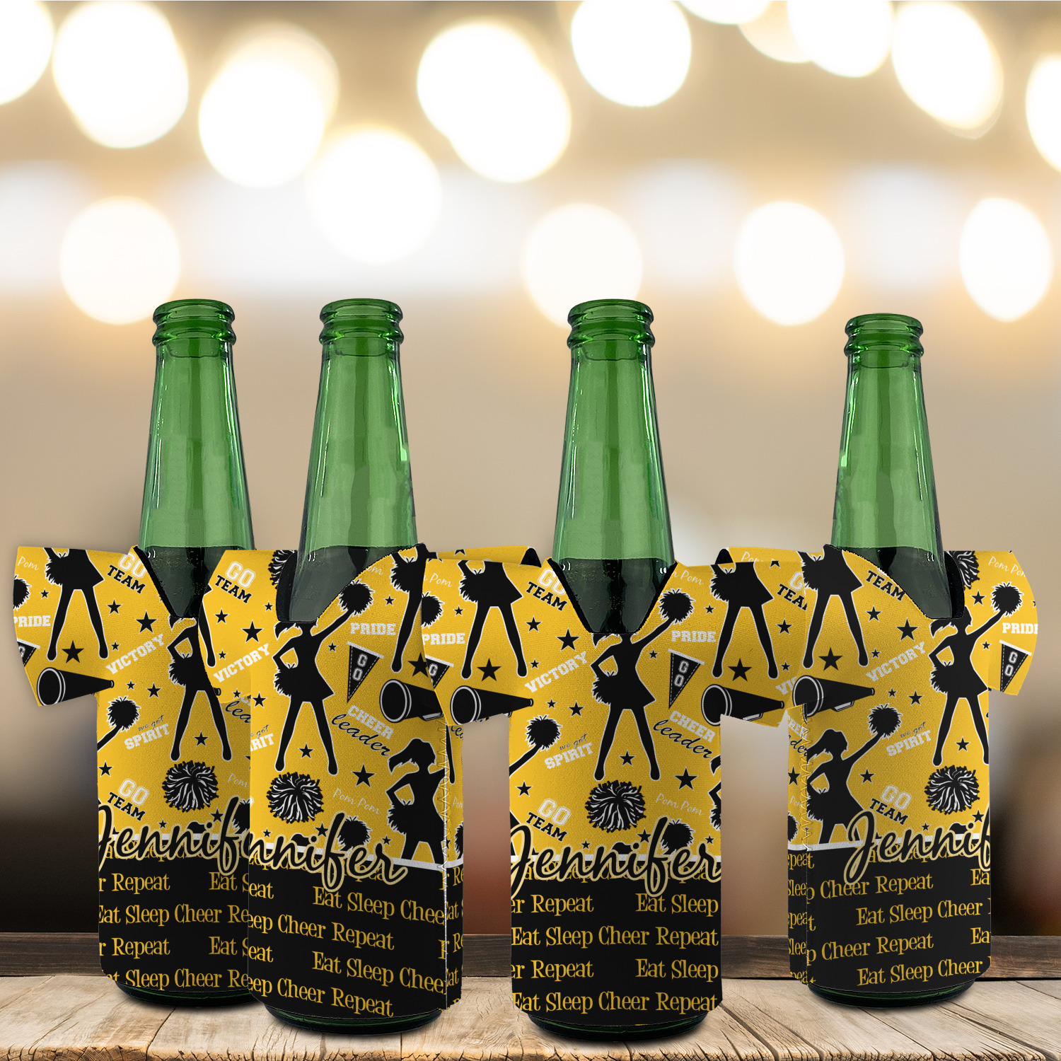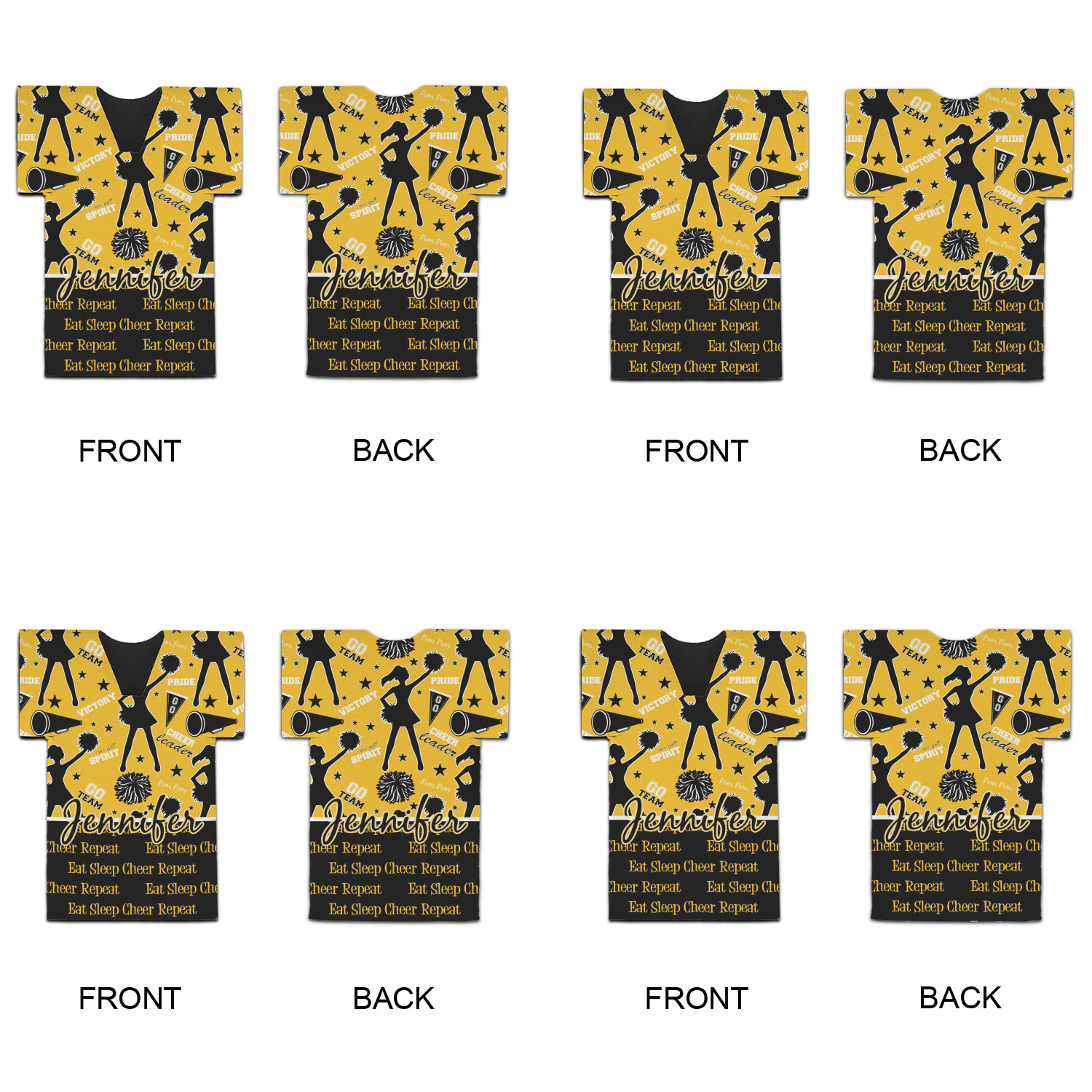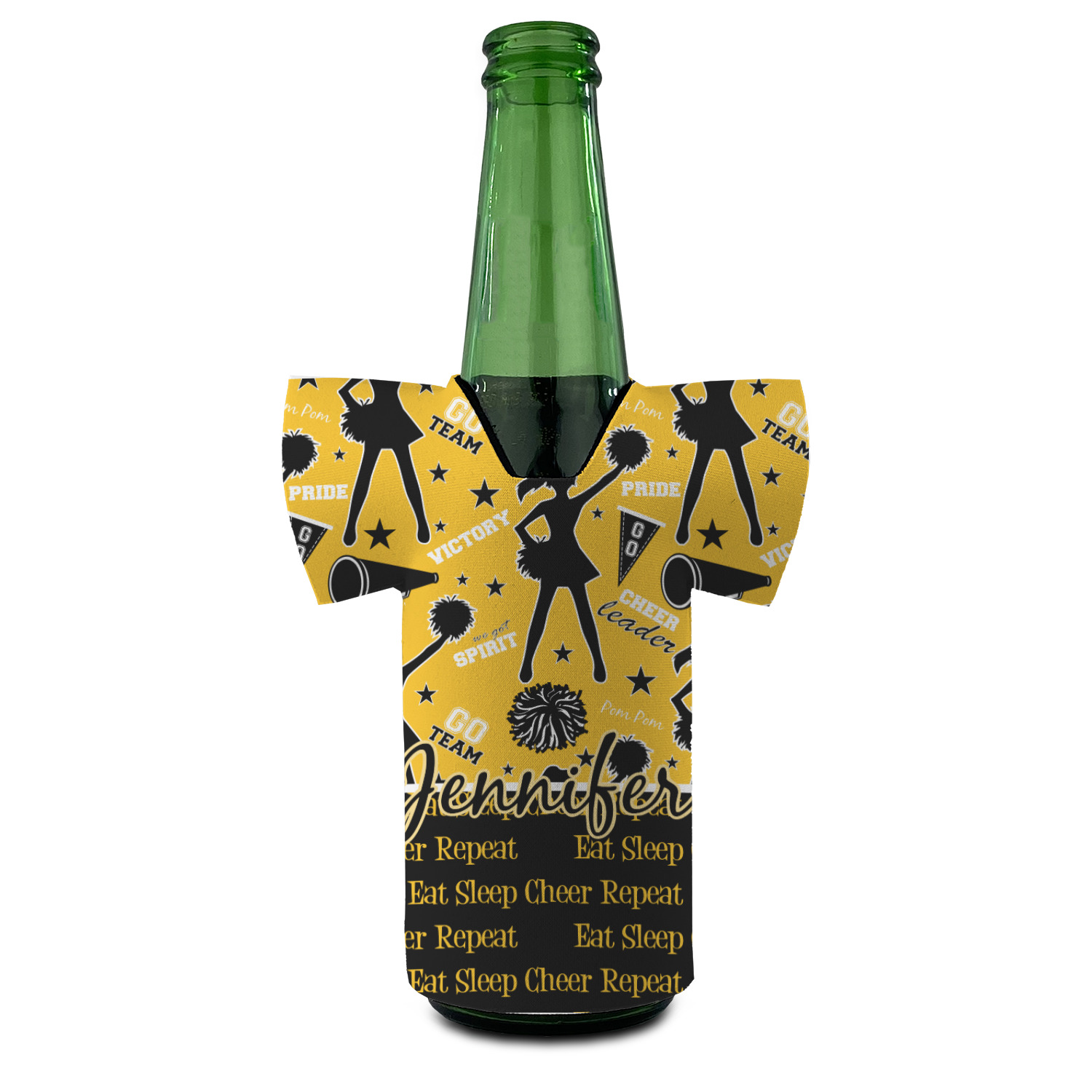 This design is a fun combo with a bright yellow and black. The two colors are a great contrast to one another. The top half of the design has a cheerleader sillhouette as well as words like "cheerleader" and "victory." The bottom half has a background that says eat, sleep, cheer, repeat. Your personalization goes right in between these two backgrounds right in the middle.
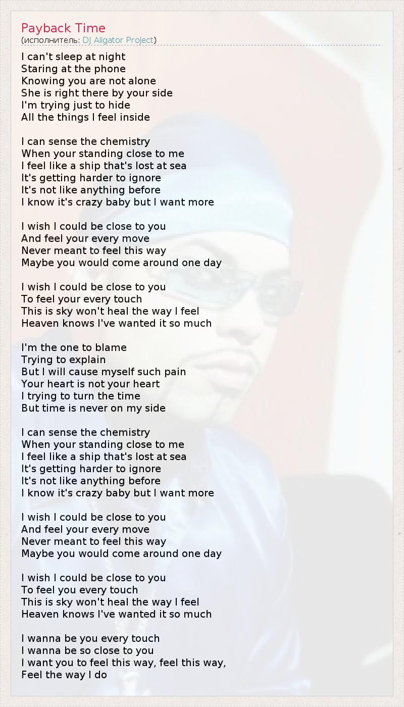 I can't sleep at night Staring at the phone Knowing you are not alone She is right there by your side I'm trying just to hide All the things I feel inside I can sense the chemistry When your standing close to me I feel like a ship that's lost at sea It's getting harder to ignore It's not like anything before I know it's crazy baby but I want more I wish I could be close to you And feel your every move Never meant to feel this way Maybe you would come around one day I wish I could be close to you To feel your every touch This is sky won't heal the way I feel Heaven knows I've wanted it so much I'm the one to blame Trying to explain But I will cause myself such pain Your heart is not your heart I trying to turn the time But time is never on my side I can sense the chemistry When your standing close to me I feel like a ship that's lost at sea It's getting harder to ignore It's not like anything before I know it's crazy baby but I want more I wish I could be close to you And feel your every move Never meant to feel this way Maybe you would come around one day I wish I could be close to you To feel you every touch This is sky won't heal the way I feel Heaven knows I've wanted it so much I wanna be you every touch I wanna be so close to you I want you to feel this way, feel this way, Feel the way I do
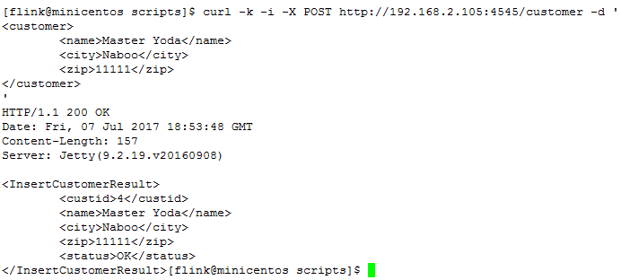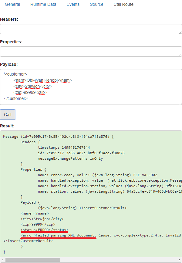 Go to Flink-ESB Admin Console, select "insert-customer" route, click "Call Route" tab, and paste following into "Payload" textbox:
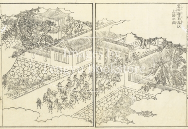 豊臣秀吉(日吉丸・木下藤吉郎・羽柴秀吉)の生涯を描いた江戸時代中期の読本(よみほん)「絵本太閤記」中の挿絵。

------------------------------------------------

Brief: What you give back should be the full material above, retyped exactly, with every image removed.

Solution to the exercise:
 This design is a fun combo with a bright yellow and black. The two colors are a great contrast to one another. The top half of the design has a cheerleader sillhouette as well as words like "cheerleader" and "victory." The bottom half has a background that says eat, sleep, cheer, repeat. Your personalization goes right in between these two backgrounds right in the middle.
 I can't sleep at night Staring at the phone Knowing you are not alone She is right there by your side I'm trying just to hide All the things I feel inside I can sense the chemistry When your standing close to me I feel like a ship that's lost at sea It's getting harder to ignore It's not like anything before I know it's crazy baby but I want more I wish I could be close to you And feel your every move Never meant to feel this way Maybe you would come around one day I wish I could be close to you To feel your every touch This is sky won't heal the way I feel Heaven knows I've wanted it so much I'm the one to blame Trying to explain But I will cause myself such pain Your heart is not your heart I trying to turn the time But time is never on my side I can sense the chemistry When your standing close to me I feel like a ship that's lost at sea It's getting harder to ignore It's not like anything before I know it's crazy baby but I want more I wish I could be close to you And feel your every move Never meant to feel this way Maybe you would come around one day I wish I could be close to you To feel you every touch This is sky won't heal the way I feel Heaven knows I've wanted it so much I wanna be you every touch I wanna be so close to you I want you to feel this way, feel this way, Feel the way I do
 Go to Flink-ESB Admin Console, select "insert-customer" route, click "Call Route" tab, and paste following into "Payload" textbox:
 豊臣秀吉(日吉丸・木下藤吉郎・羽柴秀吉)の生涯を描いた江戸時代中期の読本(よみほん)「絵本太閤記」中の挿絵。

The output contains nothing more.